If that summary seems like a chaotic ramble, the reason is that the film itself is equally inarticulate. Abstract storytelling, nonlinear chronology, and otherworldly aesthetics can be intriguing, exciting, and refreshing. However, Malick seems so absorbed with pursuing a personal sense of truth-seeking or creative fulfillment that he doesn’t bother to bring the disjointed elements of his elaborate opus into a remotely cohesive final product for his audience; we are left unable to reciprocate even with respectful appreciation, if not absolute adoration. While ambiguity is an effective device if used cleverly, Tree leaves so much to interpretation, urges so much fruitless contemplation, and includes so many ethereal shots of trees and skies and planets that could signify anything until ultimately, ironically, they signify nothing. It’s excessive, and simultaneously, insufficient. What may have been an earnest attempt at transcendental meditation eventually takes on an air of superiority and patronization, and most unfortunately, results in meaninglessness.
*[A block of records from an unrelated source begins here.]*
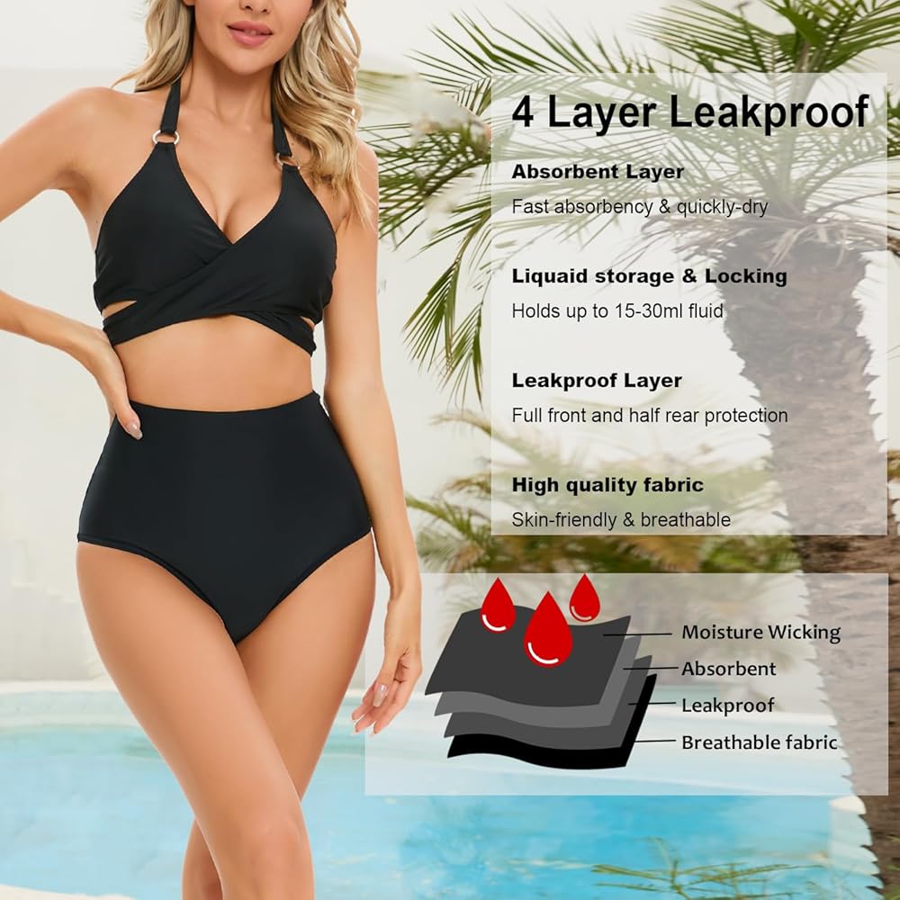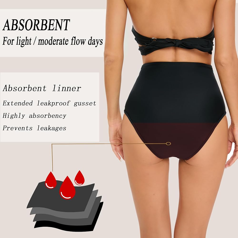 • ☀【جزء سفلي للسباحة مقاوم للتسرب للنساء】يتحمل 15-30 مل من تدفق الدورة الشهرية أو التسربات المتوسطة لمنع التسربات إلى الماء أو التغلغل. لا حاجة إلى سدادة قطنية أو فوط إضافية أثناء ممارسة الأنشطة المائية والعطلات والتخييم والحدائق المائية والشاطئ وفي المنتجع.
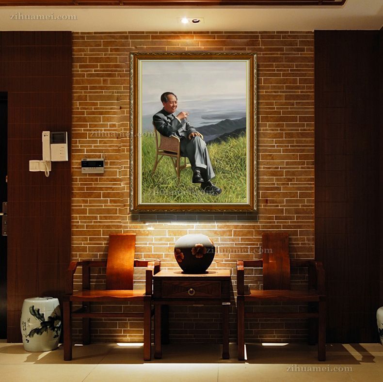 • 稳坐江山精品写实油画一代伟人人物肖像油画毛泽东同志中式人物画
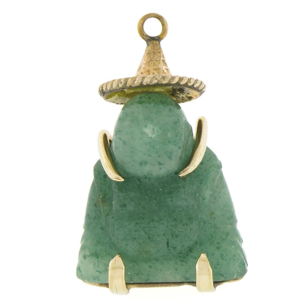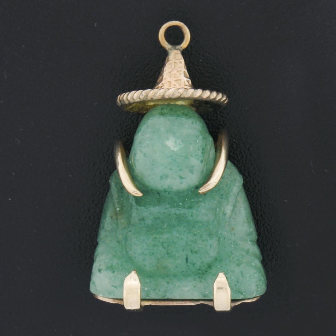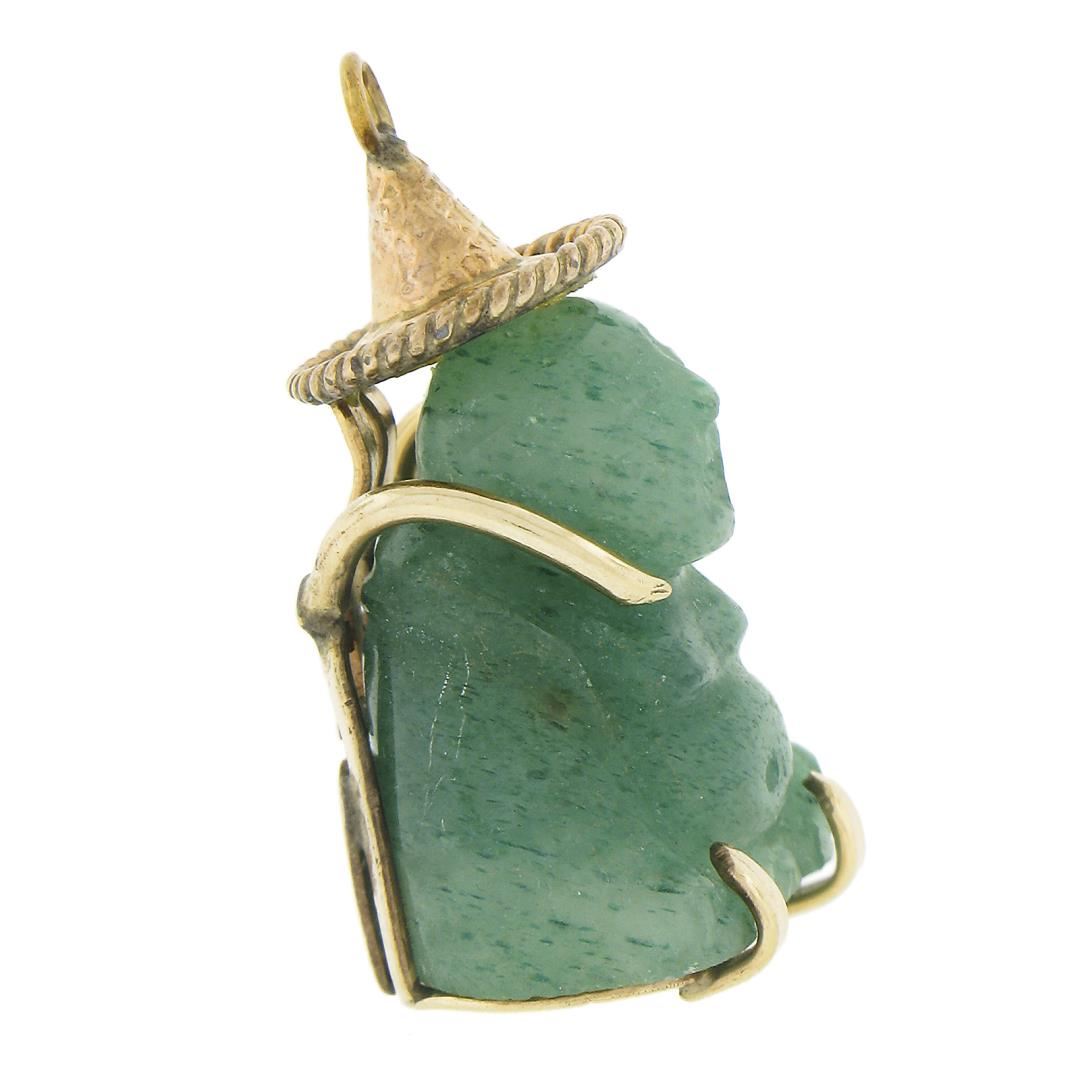 A vintage solid 10k yellow gold sculpture pendant, with carved natural jade (18.4x17.3mm). The pendant weighs a total of 6.55 grams, measures 28x17.3mm, and needs a jump ring.
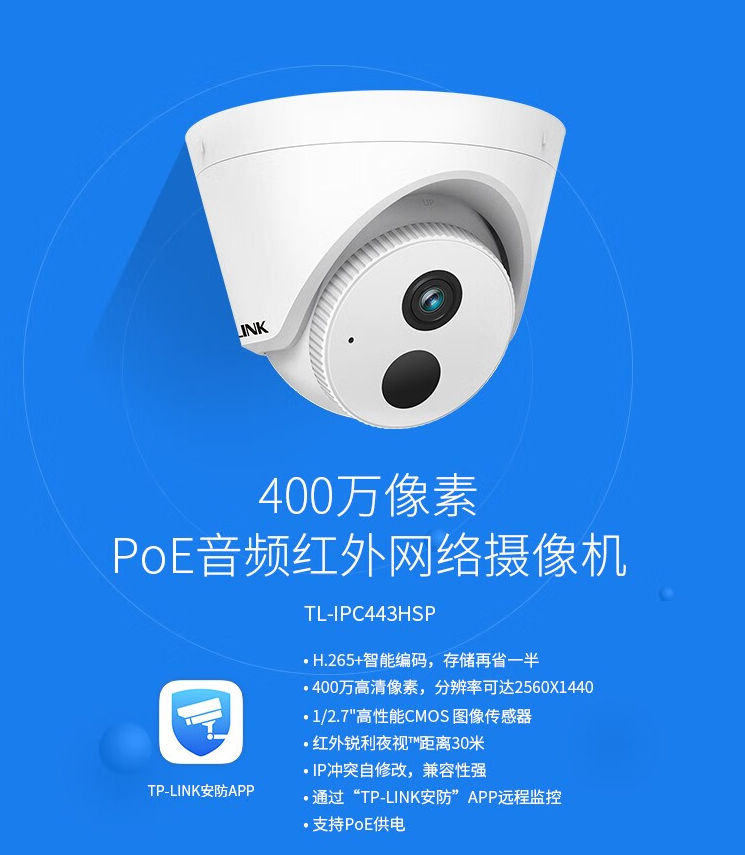 監(jiān)控?cái)z像機(jī)普聯(lián)/TP-LINK紅外夜視拾音半球 有線監(jiān)控 高清夜視TL-IPC433HSP/臺(tái)
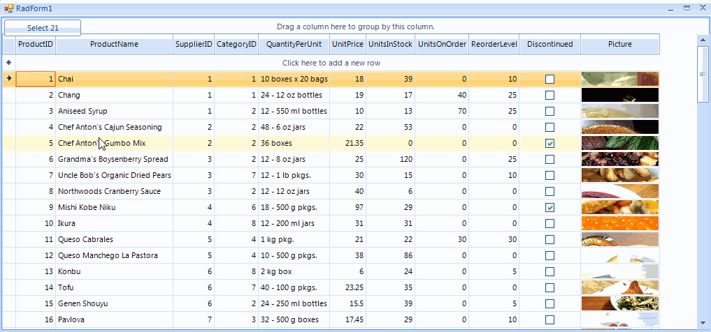 I have to select a row in a winform radGridView after I made an update on that row in a sorted column and use the value of a cell in an ID column (column 0) as an index.

At the end, even if the family drama resonates with us on some level, it loses impact due to the film’s failure to offer an affecting connection between its narrative and artistic dimensions.

That said, Tree is not completely uninspiring. One would be hard-pressed to identify another film quite like this, so as baffling as it is, it merits points for originality. And Emmanuel Lubezki’s cinematography, from the cosmic explosions to the dreamlike ending, really is stunning. Brad Pitt is brilliant as the hardened, war vet father employing the tough-love approach to parenting and symbolizing the unforgiving temperament of “nature” in opposition to on-screen wife Jessica Chastain’s gentler, angelic, almost naive embodiment of “grace”--two concepts raised by the whispered monologue at the onset of the movie. However, it is difficult to get past the fact that this film is slow. As in, really slow. As in, painfully, squirming-in-your-seat, start-thinking-about-when-to-schedule-your-next-dentist-appointment slow.****

Malick’s intricate, enigmatic films of the past (The Thin Red Line, Badlands) have typically split audience and critic opinions, but this latest offering may create the biggest rift yet. For some patient, open-minded individuals, it will be a sublime work of poetry. But for what I fear will be the majority of the general audience, Tree is a pretentious load of garbage, an overly self-indulgent work that takes the liberties of profundity a few frames too far, producing a beautiful but epic disappointment.

*which I'm assuming you do, otherwise you wouldn't be here.

**which I am not in the least. That little tidbit, I admit, was researched post-movie. But I had you fooled for a second, didn't I?

***Don't worry, this is not a spoiler--that would imply that there was actually something worthy of spoiling.

****Or, as my handsome date demonstrated, shamelessly-seize-the-opportunity-for-a-catnap slow.